# What women really Want!



## allyouneedislove (Nov 9, 2014)

Ok, So since joining TAM , I have read many threads and posts, Some have had a positive effect , others negative.. But I am still finding most info/advice and guidance very good... 

I am in the process of do my own blog, just for me, doubt anyone would ever get to see it... I just need to write things down, express myself through writing everything down.... 

So A question I asked myself, Was " WHAT DO WOMEN WANT IN A MARRIAGE / RELATIONSHIP " ? 

So fellow members, this is aimed at women, but if male member whats to give there point of view then please go ahead.. 

I just wanted to see what you opinion are on what women want...


----------



## ConanHub (Aug 9, 2013)

I read the book so I know.


----------



## Thor (Oct 31, 2011)

What women want is not what they say they want. Most of the time.


----------



## SimplyCrushed (Nov 21, 2014)

Good luck finding an answer 

What do men want?!!! (no really!)


----------



## Mr.Fisty (Nov 4, 2014)

Depends on each individual. Also, what people want can change over time. Knew a polyamorous girl who had two men in her life, dumped her bf, and moved with the father of her child. Later on, she didn't want a serious relationship, so dumped the other guy. Now she has a gf she sees once a week. Most of her time and energy is concentrated on her children, work, and writing.


----------



## SlowlyGoingCrazy (Jun 2, 2011)

Women have individual needs, just like men. 
Men would do better if they stopped looking at "what do women want?" and focused on "what are my wife's emotional needs?"


----------



## MysticTeenager (Aug 13, 2013)

What women want is not a general thing. It depends on the woman. 

For example: I want someone to be caring, sensitive, thoughtful, someone who would make me feel protected, a manly man, someone willing to have lots of sex and lots of snuggles, lots of hugs, responsible, trustworthy and understanding. Also very tolerant bc i am a little sh!t sometimes lol.


----------



## john117 (May 20, 2013)

My wife wants a BMW x5 and an 8000 sq ft home and both of our kids headed to medical school.

I feel for her misery, having to survive in a mere 6000 sq ft home and driving just an x3. She feels nearly disgraced as one of her two kids is not headed to medical school.

Emotional needs are fulfilled daily via Netflix and Lifetime Movie Network.


----------



## scatty (Mar 15, 2013)

john117, that would have been VERY FUNNY if I didn't think it was the truth! Leading your wife's life would be like winning the lottery for me!
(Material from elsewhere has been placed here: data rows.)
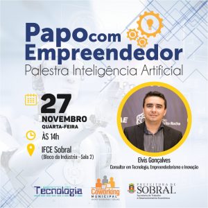A Prefeitura de Sobral, por meio da Secretaria do Trabalho e Desenvolvimento Econômico (STDE), realizará a 6ª edição do Papo Empreendedor, nesta quarta-feira (27/11), com o tema “Inteligência Artificial”, com o consultor em Tecnologia, Empreendedorismo e Inovação, Elvis Gonçalves. O encontro acontecerá às 14 horas, no IFCE Sobral (bloco da Indústria – Sala 2). A palestra abordará os impactos da Inteligência Artificial no mercado atual e nos próximos anos, os benefícios e desafios enfrentados pela área em seu desenvolvimento no Brasil e no mundo.
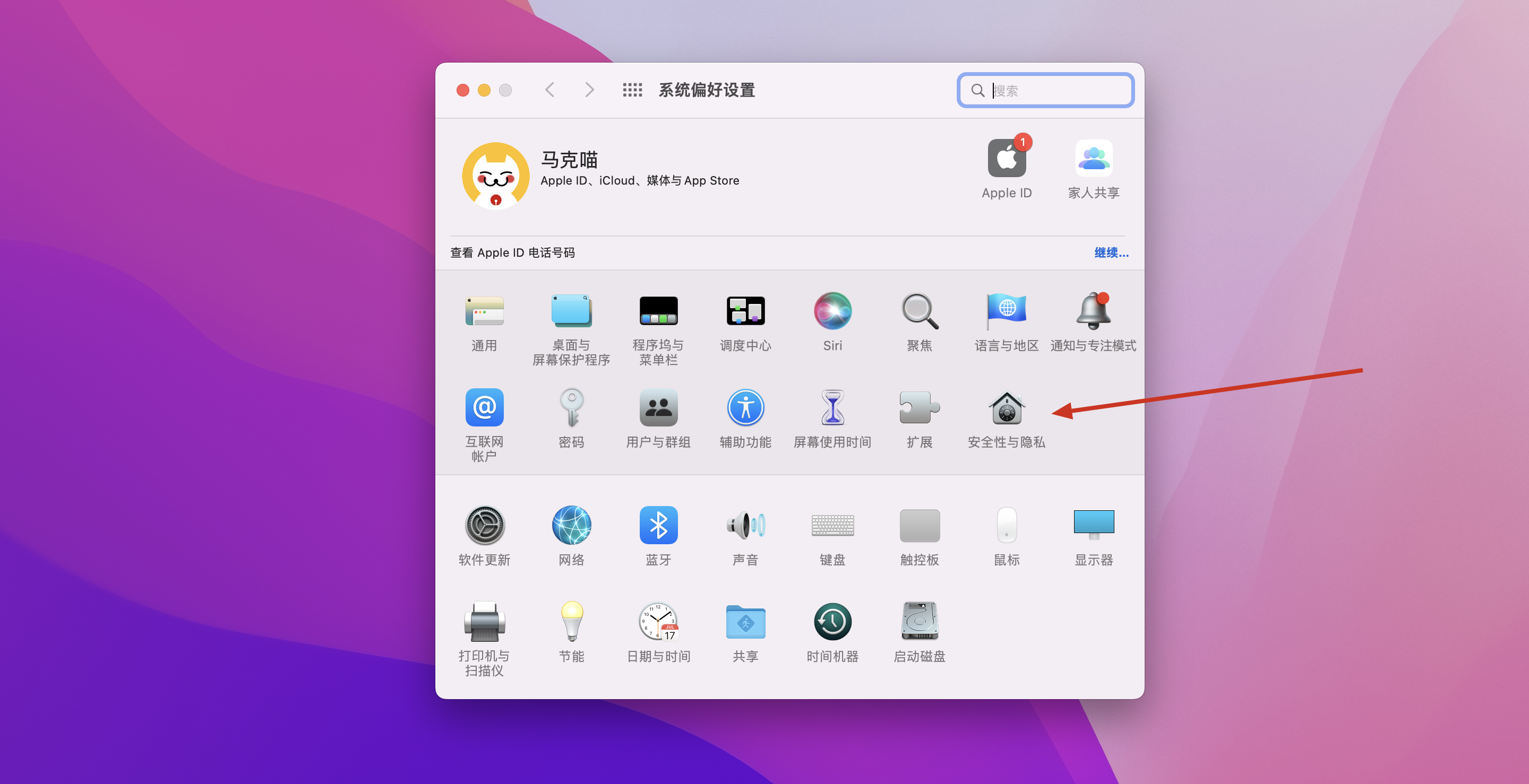打开系统偏好设置,找到安全与隐私,如图: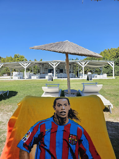 Read moreVery nice place, a calm beach and they had everything: sun beds starting from 5 euros consumption per person; changing booth, bathroom, outside shower to wash off the salt. Some beds are 35 euros so look carefully before choosing which one you would like. I would prefer if they had only sand everywhere cause the grass has spikes that make it impossible to walk without shoes or sandals. The beach itself is covered in rocks which is painful to talk too, but the water is clear and has sandy bottom. A lot of big fish to see if you like snorkelling. Calm and relax music that doesn’t take over, that was another plus. The drinks are kinda expensive but just like everywhere else, the cheapest being 9 euros and the most expensive being 12. Beer 5 euros and up. No waves, very nice view to other peninsulas in the background. For very small children it can be hard due to the stones and the spikes on the grass, but for me it was a very good...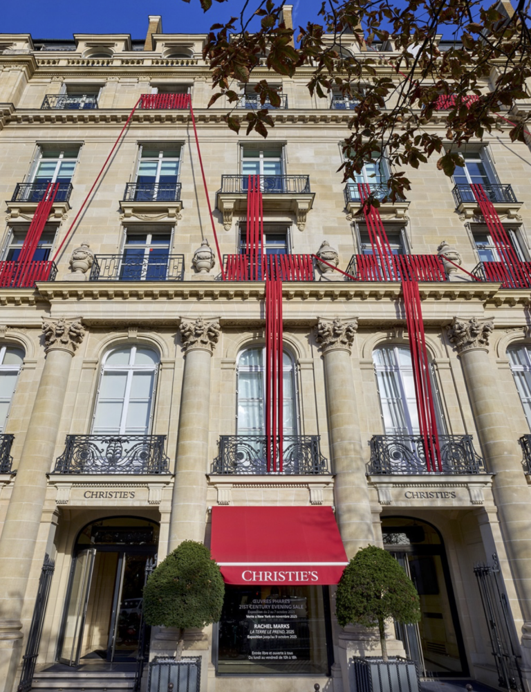 Leggi i suoi articoliC'è un filo che attraversa le cose. Sottile e potente. Capace di legare storie, mani, oggetti e tempo. È questo il filo che Stéphane Thidet ha scelto come protagonista della sua installazione «Le Fil Rouge» sulla facciata di Christie’s a Parigi, visibile fino all’11 gennaio 2026. Perché chi passeggerà davanti al 9 di Avenue Matignon, all’ingresso di un’arteria ormai epicentro del mondo dell’arte parigino, non si limiterà a vedere un edificio. Percepirà un gesto, un ritmo; un segno che collega passato e presente in quell’edificio che racconta una storia di sartoria e successo.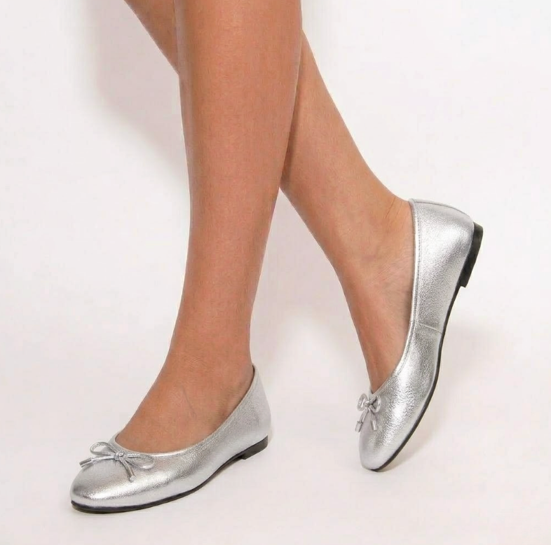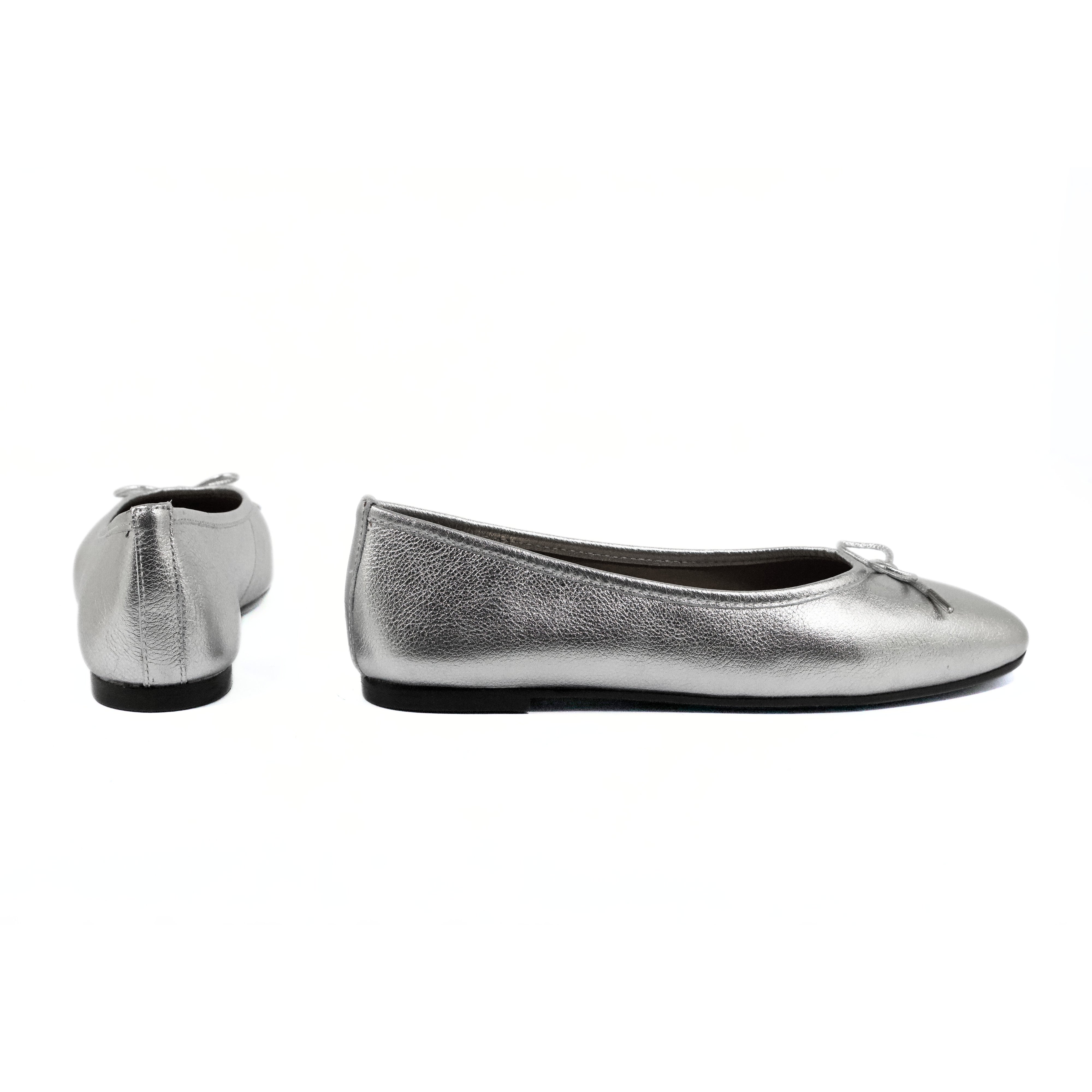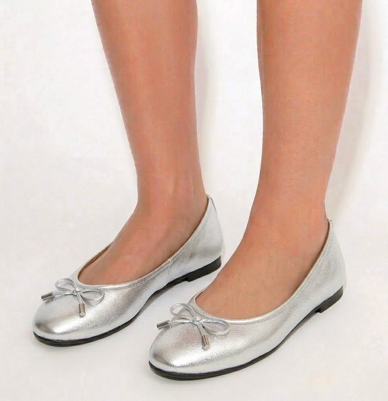BALLERINA IN LAMINATO ARGENTO CON DETTAGLIO FIOCCO

On to what I really want- loyalty, respect, admiration, laughs. I have no material needs other than a roof over my head (900 SQ FT currently), cable TV (mostly for the NFL games), internet connection, 2 outfits, 2 meals a day, a ride to my doc once a month. I am currently using a laptop with WINDOWS XP and I want to throw the thing out the window, but I will buy my kids new laptops for xmas so I will make do.


----------



## EleGirl (Dec 3, 2011)

Women, like men, are individuals and have their own set of needs.

There are a few things in marriage that I think are the basis:

Love, respect, putting the other person's needs ahead of our own, and communicating often such that both know what the other's needs are.

People change and so their needs change. Communicating is the only way for find out what your spouse's changing needs are.

There are two books that I think will help you in your quest:

"His Needs, Her Needs" and "Love Busters", both books are by Dr. Harley.


----------



## john117 (May 20, 2013)

Scatty, hard as it may sound to believe my wife's life is a downgrade from what she grew up with in her home country a couple of dictators ago.... For example we don't have servants  or a state limo...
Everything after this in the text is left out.